Merger Mania Prompts New Look At Conventional Management Wisdom

The recent surge in merger activity is prompting business leaders to question some long-standing beliefs. George Bailey, the global director of Watson Wyatt Worldwide's Human Capital Group, has developed a list of what he believes to be old myths and today's realities, which these mergers have brought to light.

According to Bailey, Myth #1 is, "Employees are resistant to change, and will prefer to maintain the status quo." In reality, he says, almost half of high-performing companies in a recent study conducted by his firm say change has a positive effect on employee satisfaction. Employees more often than not understand reasons for change and know the steps that need to be taken. The only problem, they say, is that companies are not soliciting and acting upon employee suggestions in this area.
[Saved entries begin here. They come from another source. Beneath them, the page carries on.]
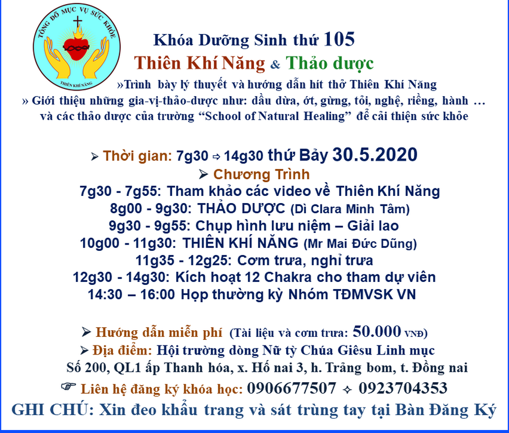 Giới thiệu Khóa Dưỡng sinh thứ 105, thứ Bảy 30/5/2020 tại Việt Nam 16/05/202016/05/2020 Tin Tức Kính giới thiệu đến Anh Chị Em. Trân trọng, Tông đồ Mục vụ Sức khỏe Việt Nam Chia sẻ Bài này:
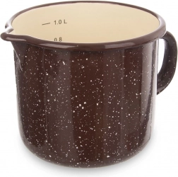 Štýlový hnedý smalťovaný hrnček s béžovým škvrnitým vzorom v retro dizajne uľahčí každodenné varenie aj pečenie. Vďaka praktickej výlevke sa pohodlne leje a vnútorná mierka umožní presné odmeranie tekutín aj sypkých surovín bez ďalších pomôcok. Pevné ucho zaistí bezpečnú a pohodlnú manipuláciu.
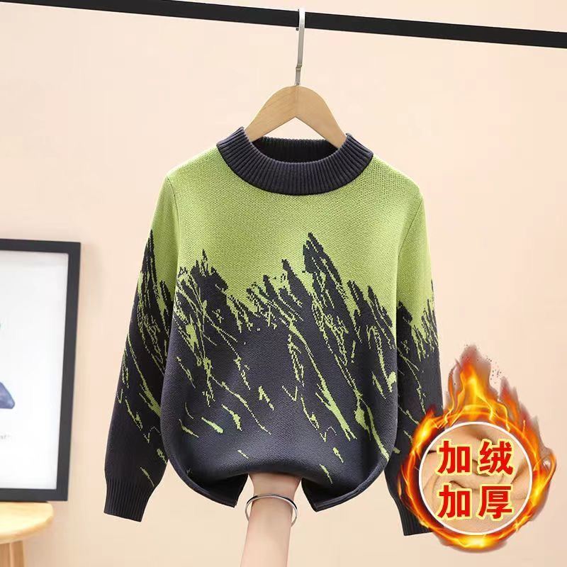 男童毛衣新款加绒加厚秋冬季针织衫线衣保暖上衣中大童潮款帅
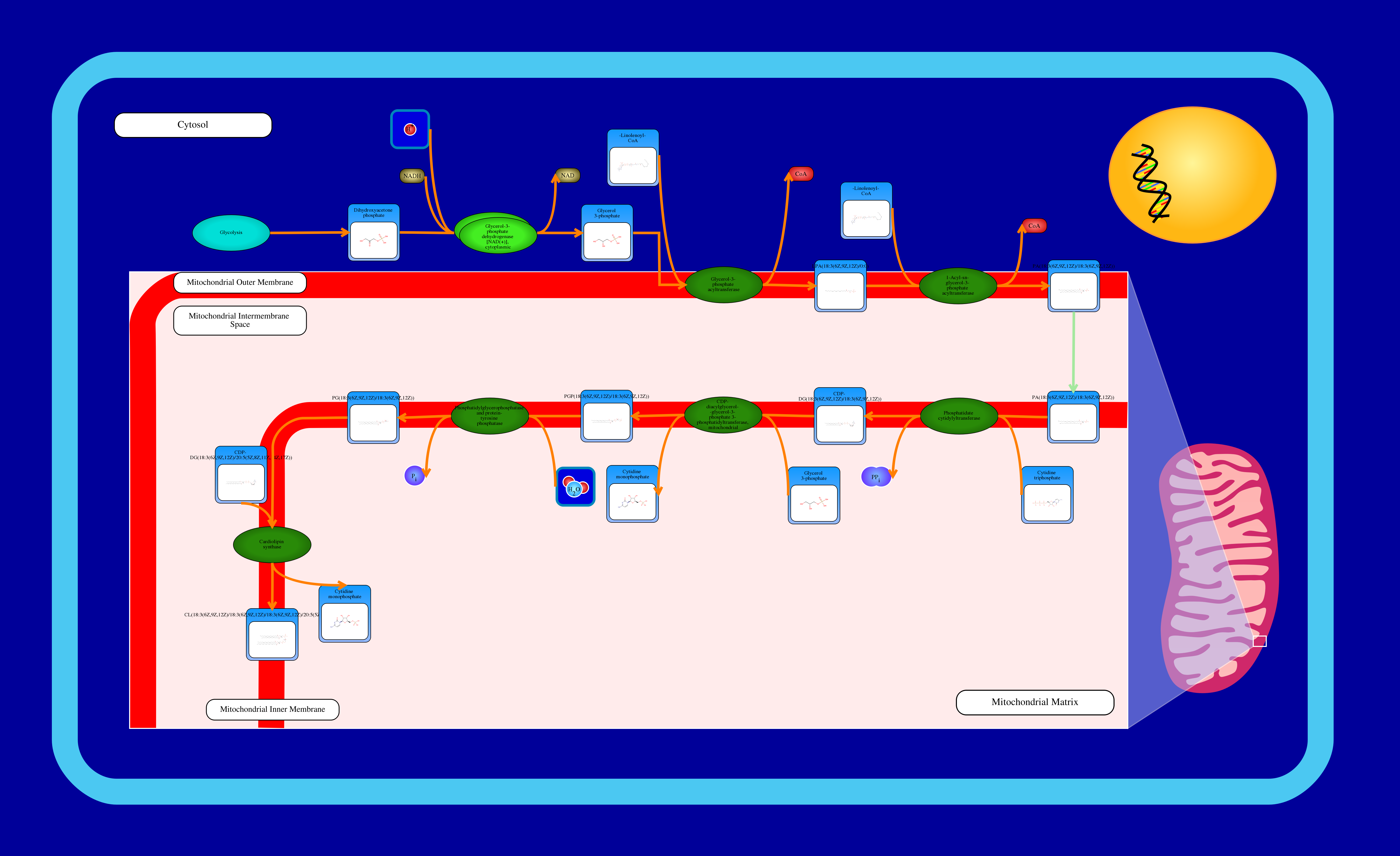 Cardiolipin (CL) is an important component of the inner mitochondrial membrane where it constitutes about 20% of the total lipid composition. It is essential for the optimal function of numerous enzymes that are involved in mitochondrial energy metabolism (Wikipedia). Cardiolipin biosynthesis occurs mainly in the mitochondria, but there also exists an alternative synthesis route for CDP-diacylglycerol that takes place in the endoplasmic reticulum. This second route may supplement this pathway. All membrane-localized enzymes are coloured dark green in the image. First, dihydroxyacetone phosphate (or glycerone phosphate) from glycolysis is used by the cytosolic enzyme glycerol-3-phosphate dehydrogenase [NAD(+)] to synthesize sn-glycerol 3-phosphate. Second, the mitochondrial outer membrane enzyme glycerol-3-phosphate acyltransferase esterifies an acyl-group to the sn-1 position of sn-glycerol 3-phosphate to form 1-acyl-sn-glycerol 3-phosphate (lysophosphatidic acid or LPA). Third, the enzyme 1-acyl-sn-glycerol-3-phosphate acyltransferase converts LPA into phosphatidic acid (PA or 1,2-diacyl-sn-glycerol 3-phosphate) by esterifying an acyl-group to the sn-2 position of the glycerol backbone. PA is then transferred to the inner mitochondrial membrane to continue cardiolipin synthesis. Fourth, magnesium-dependent phosphatidate cytidylyltransferase catalyzes the conversion of PA into CDP-diacylglycerol. Fifth, CDP-diacylglycerol--glycerol-3-phosphate 3-phosphatidyltransferase synthesizes phosphatidylglycerophosphate (PGP). Sixth, phosphatidylglycerophosphatase and protein-tyrosine phosphatase dephosphorylates PGP to form phosphatidylglycerol (PG). Last, cardiolipin synthase catalyzes the synthesis of cardiolipin by transferring a phosphatidyl group from a second CDP-diacylglycerol to PG.

Watson Wyatt's 1997 WorkUSA study of 9,144 working Americans indicates the vast majority of employees understand their company's goals (83 percent) and their own job responsibilities (87 percent), but few are given the skills (43 percent) and information (38 percent) needed to achieve those goals.

Myth #2, according to Bailey, is, "The more training you give employees, the better your company's stock will perform." The reality is, employees at high-performing companies actually had just two-thirds as many hours of training annually (30 v. 45 hours at other companies), according to a recent Watson Wyatt survey. Bailey points out that companies need to realize employees don't learn and grow by placing a check mark in the "Training Completed" column. Although training can play an important role, employees respond to real on-the-job experience, mentoring, and other more hands-on programs.

Bailey's Myth #3 is "The more visionaries a company hires, the more successful it will be." Wrong again. According to Watson Wyatt research, the majority of high-performing companies actually have fewer employees who are characterized as visionaries.

Instead of focusing on the hiring and retention of so-called visionaries, companies need to look to the key drivers of success, such as fostering innovation among all employees.

The fourth Myth is, "A good financial match makes for a successful merger." Although Wall Street has applauded the recent mega-mergers, the reality is that companies cannot simply be pushed together without carefully analyzing the people side of the equation. In fact, research indicates that 80 percent of mergers that fail do so because of people issues, and 75 percent of managers in an acquired company leave in three years, Bailey notes.

Myth #5: "People issues are "soft" issues." Bailey says that, increasingly, human capital issues define the success of corporations. How else to explain a company like Microsoft with assets of only $14 billion, but a market capitalization of over $170 billion? The reason Microsoft is so highly valued by the market is because its people continue to create great products. Instead of being confined to the realm of HR, people issues need to be linked directly to the company's overall strategy.